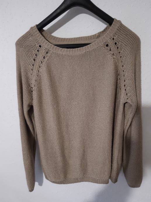 11. Temno bež pulover, pleten, vel. L, cena 2 eur
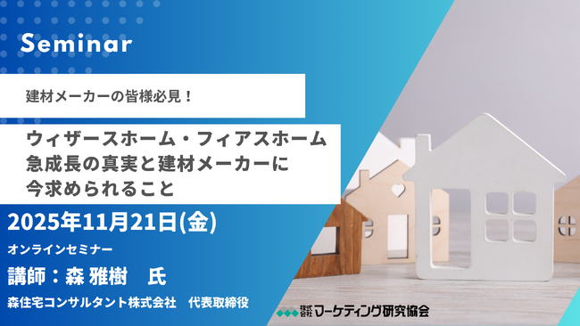 建材メーカー向けオンラインセミナー「ウィザースホーム・フィアスホーム急成長の真実と建材メーカーに今求められること」11月21開催。マーケティング研究協会
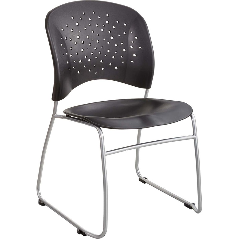 Features:Stackabble Guest ChairRound backSilver baseGanging connector glidesGuest chairs stack up to 12 high with sled baseSpecifications: Color: BlackAssembly Required: NoGreenguard: YesBack Size: 18"W x 13 "HCapacity Weight: 250 lbs.Compartment Type: Ite

TASK STATEMENT. Drop every image, please, and write out the data above exactly as shown.

SOLUTION TO THIS EXERCISE.
 11. Temno bež pulover, pleten, vel. L, cena 2 eur
 建材メーカー向けオンラインセミナー「ウィザースホーム・フィアスホーム急成長の真実と建材メーカーに今求められること」11月21開催。マーケティング研究協会
 Features:Stackabble Guest ChairRound backSilver baseGanging connector glidesGuest chairs stack up to 12 high with sled baseSpecifications: Color: BlackAssembly Required: NoGreenguard: YesBack Size: 18"W x 13 "HCapacity Weight: 250 lbs.Compartment Type: Ite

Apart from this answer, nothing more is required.